When Jesus first presented himself to the people as food in John chapter 6, some persons turned away from him and considered it a hard teaching to accept. Today, we can testify to the intense struggle it takes to remain in the state of grace in order to receive the Eucharist worthily. Some have stopped struggling and so no longer approach the Lord to feed them; some may have convinced themselves that they can be fed by the Lord through other spiritual exercise. If we can continue to struggle every day to work so as to put food on our tables; food that merely sustains us for each day; even more should we struggle for the food of eternal life.

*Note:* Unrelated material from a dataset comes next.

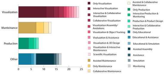 Figure 6 displays a classification of the articles based on the purpose of their application. If an application serves multiple purposes, this is also indicated in the accompanying graph. The most common purpose in the reviewed articles is the visualization of information over real-life objects (32 studies). Within this group of applications focused on visualization, there are more specific subgroups: interactive visualization (6 studies) and collaborative visualization (5 studies). The second most common general purpose is maintenance (15 studies), which includes more specific subgroups: assisted maintenance (7 studies), collaborative maintenance (3 studies), and assisted and collaborative maintenance (1 study). The next most relevant group of applications focuses on product manufacturing (10 studies). Within this group, there are subgroups with more specific purposes: interactive production (4 studies) and collaborative production (2 study). The product assembly category is also relevant (7 studies). The following significant category in this review is applications aimed at operator assistance applications (10 studies). Less prominent is the category of employee education and training (9 studies). The subsequent level of relevance includes three groups of applications, each with the same number of related articles (2 studies each): product design, monitoring, and event simulation. At the lowest level of relevance, there are two groups, each with one related article: product annotations and object tracking.

While we do not undermine the efficacy of other forms of prayers, we unequivocally reiterate the emphasis of Jesus that unless we eat his body and drink his blood, we will not have life in us. Parents and guidance, you will be failing in your responsibility if you do not constantly encourage your children to participate in the Eucharistic banquet. In vain do you feed and cater for your children/ward unless the Lord feeds them too.
Beloved, in the Eucharist, Christ is really, truly and substantially present. Pope Paul VI says that the Eucharistic presence is called “real” not because other forms of Christ’s presence are not real, but because in the Eucharist, He is real per excellence. In “Mane Nobiscum Domine”, Pope St. John Paul II calls it “a mystery of Presence” because it is the prefect fulfilment of God’s promise to remain with us until the end of time.
This truth, should encourage us to make it a habit of visiting the Blessed Sacrament often; that is where real visions happen. Let the presence of Christ trill us. The difference between praying anywhere else and praying before the Blessed Sacrament is the difference between talking to a friend on phone and talking with the friend physically. There is communication is both instances but it is evidently more profound in the latter. Fervent prayer is visiting the Blessed Sacrament. God Bless You!